PROBLEM TO SOLVE ▸ Would you transcribe the whole listing exactly and drop its images?
____ SUPPLIED RECORDS
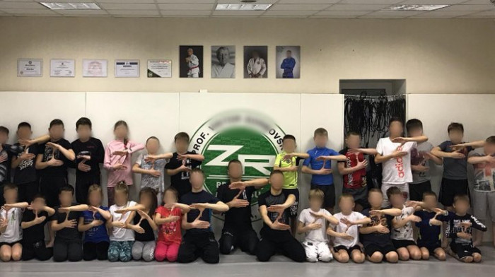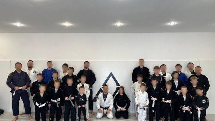 Віктор (по центру в білому кімоно), тренер із Запоріжжя, якого затримали правоохоронці за підозрою у сексуальному насильстві над 11-річною дівчинкою. Спортивна зала для занять джиу-джитсу в Києві. Соцмережі Віктора
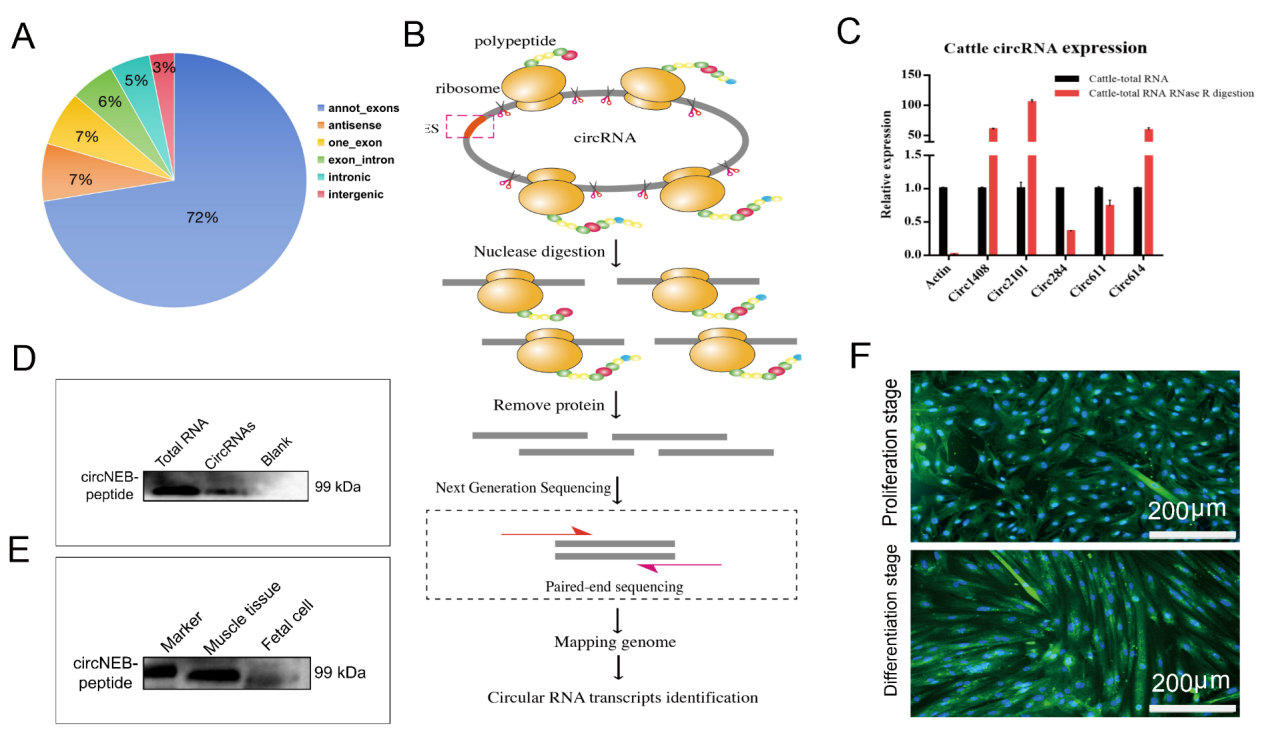 几千年来,牛骨骼肌与协助农耕的役力一直是农业生态系统的重要组成部分。然而,对牛肌肉功能基因组学(包括蛋白质编码基因、非编码RNA等)的了解相对较少。环状RNA(Circular RNAs, circRNAs)作为一类新的非编码RNA,可以被有效地翻译成可检测的多肽或蛋白,这让我们意识到环状RNA在牛肌肉生理功能中的重要性。
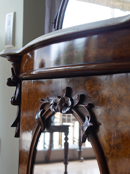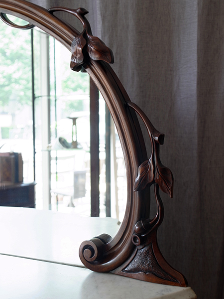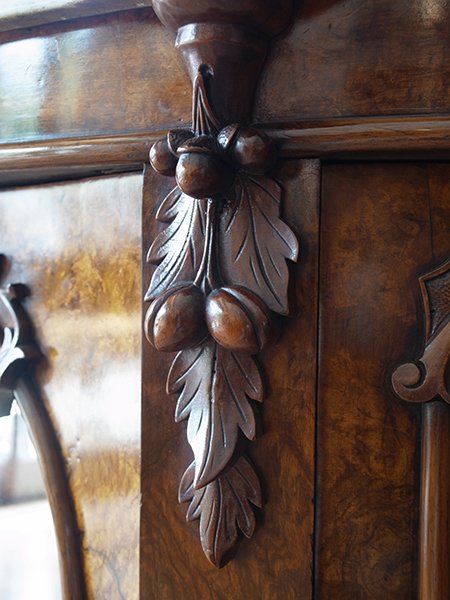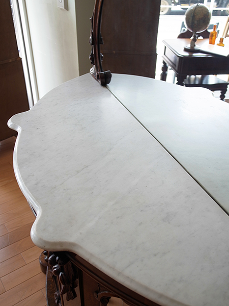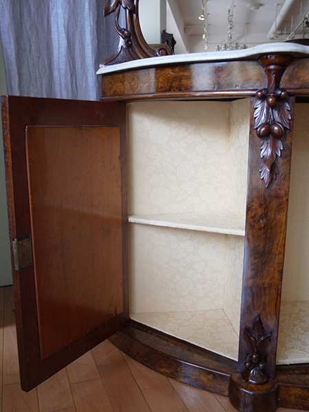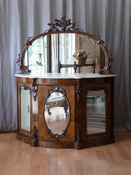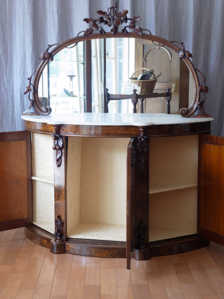 推定1900年代初頭。木の実をモチーフとした彫刻が特徴的な 優雅なクレデンザです。ミラー部分が多く、部屋を広く見せてくれそうです。 天板、ミラー部、突き板の状態は良好で、収納の中も綺麗です。 大理石の天板までの高さ880mm。
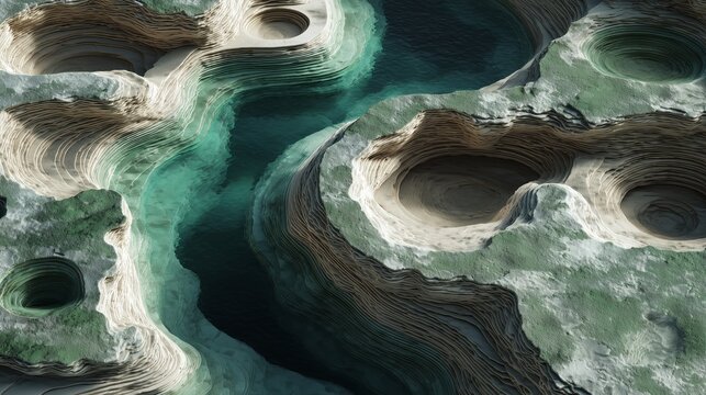 Dynamic flowing water intertwines with organic stone formations in a nature-inspired 3D CGI render
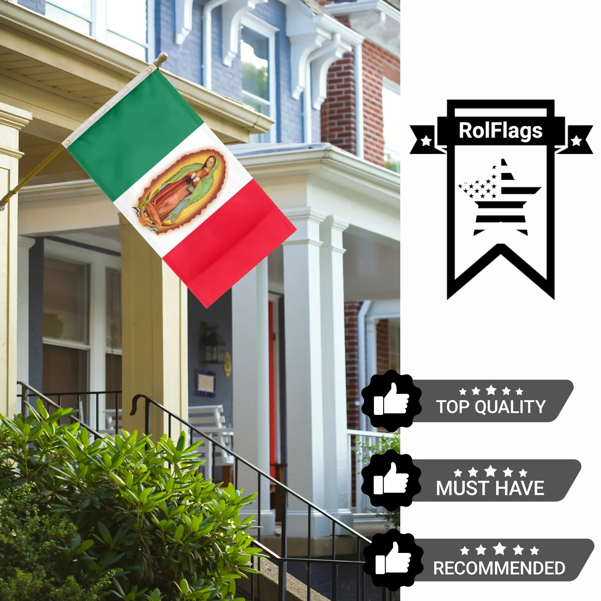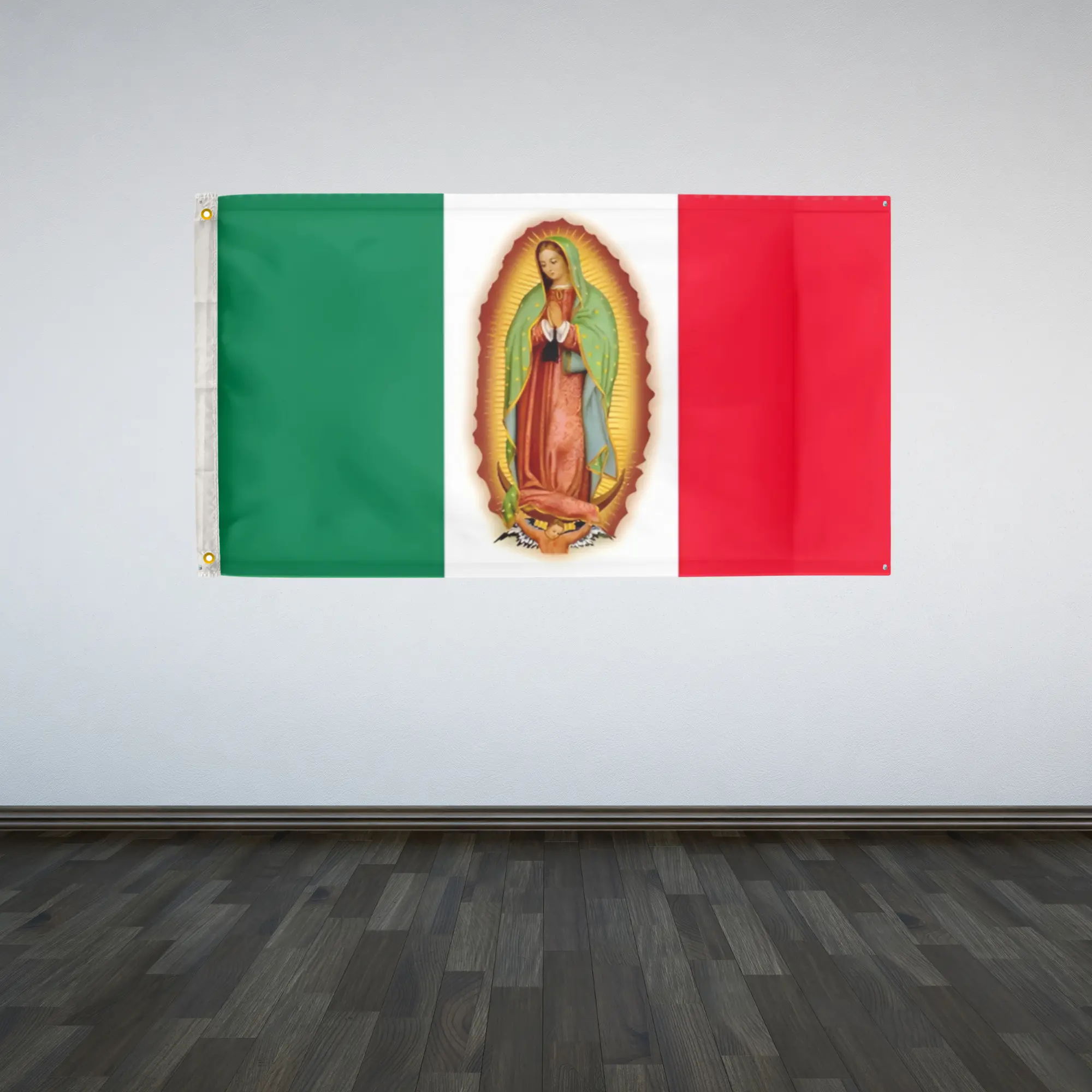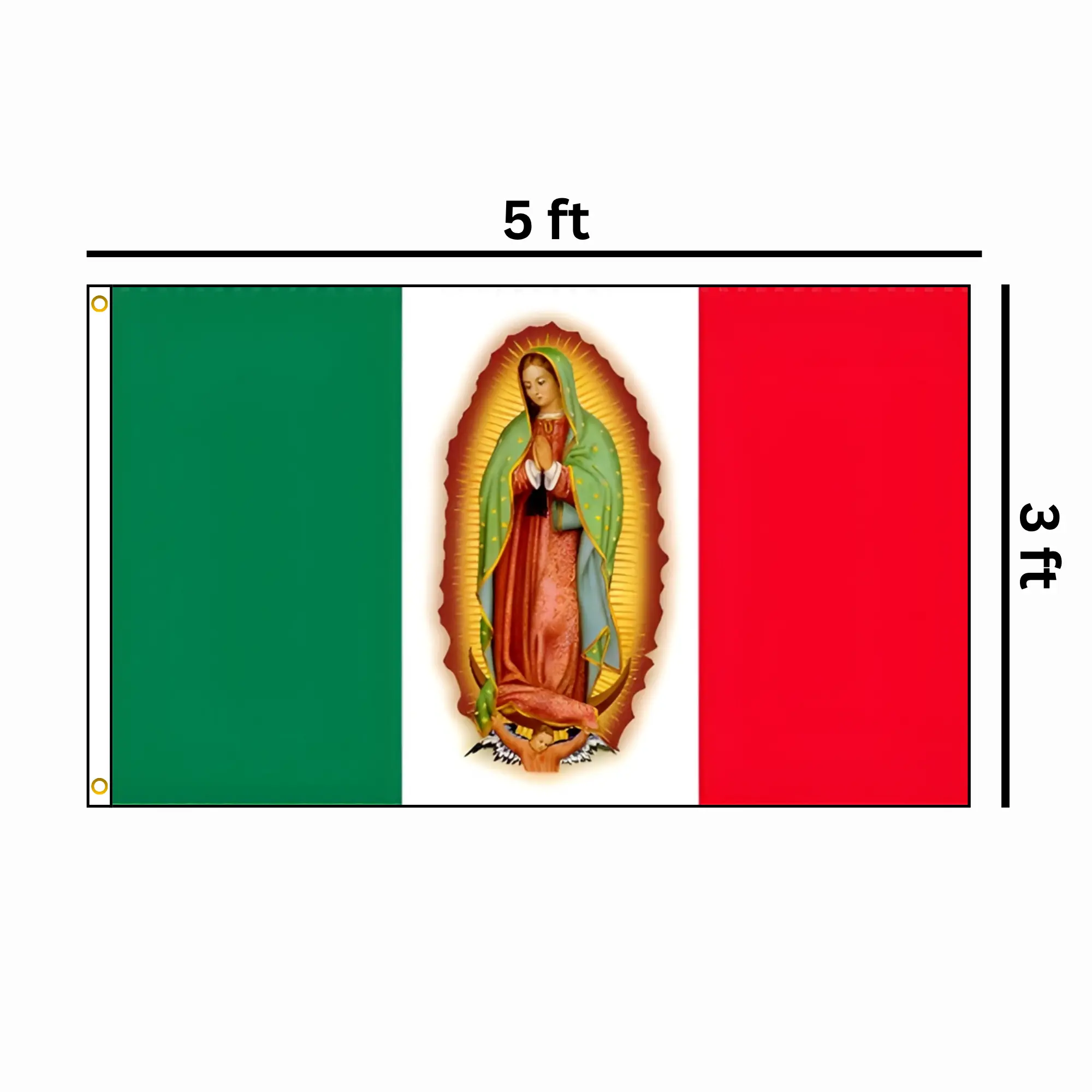 Show your faith and patriotism with the Mexican Virgen De Guadalupe Flag by RolFlags. Measuring 3' x 5' (90cm x 150cm) and crafted from durable 100D polyester, this flag is designed for both indoor and outdoor display. Featuring a bold Catholic-themed design alongside classic Mexican symbolism, it’s perfect for homes, churches, events, or gatherings. Lightweight yet sturdy, it flies beautifully in the breeze while standing up to everyday use.
________
ANSWER SECTION ▸
 Віктор (по центру в білому кімоно), тренер із Запоріжжя, якого затримали правоохоронці за підозрою у сексуальному насильстві над 11-річною дівчинкою. Спортивна зала для занять джиу-джитсу в Києві. Соцмережі Віктора
 几千年来,牛骨骼肌与协助农耕的役力一直是农业生态系统的重要组成部分。然而,对牛肌肉功能基因组学(包括蛋白质编码基因、非编码RNA等)的了解相对较少。环状RNA(Circular RNAs, circRNAs)作为一类新的非编码RNA,可以被有效地翻译成可检测的多肽或蛋白,这让我们意识到环状RNA在牛肌肉生理功能中的重要性。
 推定1900年代初頭。木の実をモチーフとした彫刻が特徴的な 優雅なクレデンザです。ミラー部分が多く、部屋を広く見せてくれそうです。 天板、ミラー部、突き板の状態は良好で、収納の中も綺麗です。 大理石の天板までの高さ880mm。
 Dynamic flowing water intertwines with organic stone formations in a nature-inspired 3D CGI render
 Show your faith and patriotism with the Mexican Virgen De Guadalupe Flag by RolFlags. Measuring 3' x 5' (90cm x 150cm) and crafted from durable 100D polyester, this flag is designed for both indoor and outdoor display. Featuring a bold Catholic-themed design alongside classic Mexican symbolism, it’s perfect for homes, churches, events, or gatherings. Lightweight yet sturdy, it flies beautifully in the breeze while standing up to everyday use.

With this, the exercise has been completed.